General education requirements at Harvard originally included a Great Books course in order to give students a common ground for discussion, he said.
“In the Harvard model, Great Books are not read because they articulate timeless truths,” Menand said. “Great Books are read because they have been read.”
Harvard later forfeited the Great Books requirement as the concept of academic majors became more clearly defined, though Menand said “belief in knowledge for its own sake does survive,” despite changes in curricula over the years.
Menand also discussed the history of “Contemporary Civilization” and “Literature Humanities,” mandatory Great Books courses at Columbia. They were originally developed by professors to teach students a collective culture and became part of the college’s core curriculum in 1947, he said.
Dartmouth English professor Aden Evens said that the popularity of the lecture — which drew an audience of approximately 200 guests — may have been influenced by Menand’s own star power.
“He represents a certain ultimate possible achievement for academic workers,” Evens said. “He’s at the top of the humanities among professors all over North America.”
Evens said he was interested in Menand’s opinions on higher education in light of Dartmouth’s own curriculum restructuring, as well as in potential changes to the understanding of a liberal arts eduction.
“With Dartmouth undertaking a wholesale reevaluation of their institutional goals for the medium-to-long term, my understanding is that his lecture was part of this reevaluation,” Evens said. “That process is extremely important to me. I worry that Dartmouth is heading in a direction that’s not the one I want it to.”
Parth Kaul ’14 attended the lecture at the recommendation of government professor James Murphy, who teaches Great Books in his theory-based classes. Kaul said he left the lecture with some unanswered questions.
“It would have been really nice if he could have broken down the way the D-Plan follows into the entire philosophy of the system controlling the fate of the students,” Kaul said.
Enfield, N.H. resident Jeffrey Hinman ’68 said he also left the lecture unsure of certain issues.
“I’d never really known what all the Great Books were, and he still didn’t answer that question,” Hinman said.

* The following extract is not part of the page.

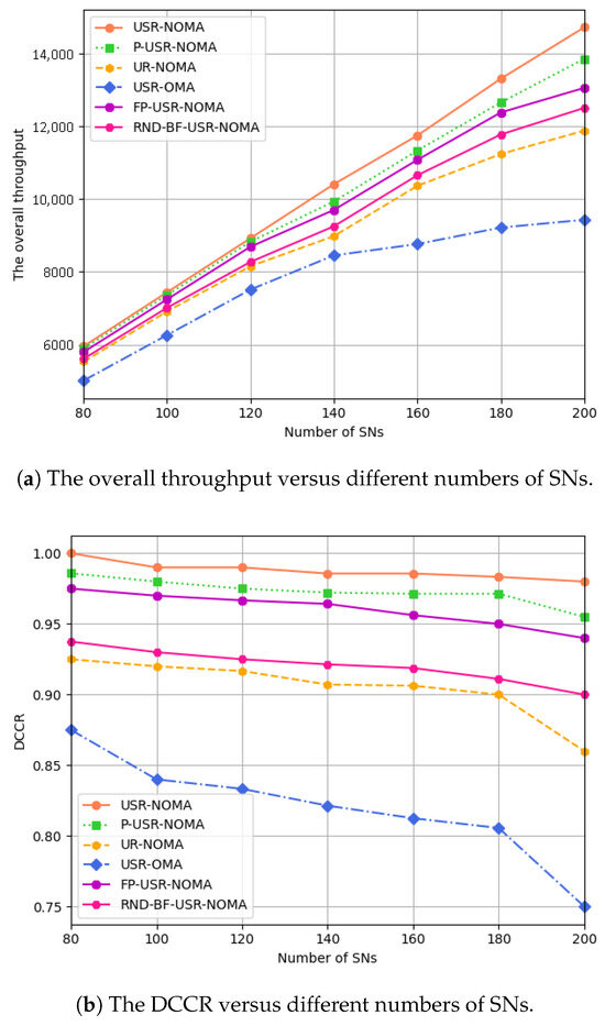 (a) The overall throughput and (b) DCCR versus different numbers of SNs.

In response to a question from an audience member, Menand said he continues to teach a course on Great Books despite the fact that they are not essential to a liberal education because students “just love the stuff, and they love to talk about it.” Murphy said Menand’s answer to this question was the highlight of the hour-long lecture.
“At the end, he did give the most powerful defense of the Great Books,” he said. “Everything else he said with skepticism and contempt about the Great Books faded into insignificance. The deeper truth is that what people do is more revealing than what they say.”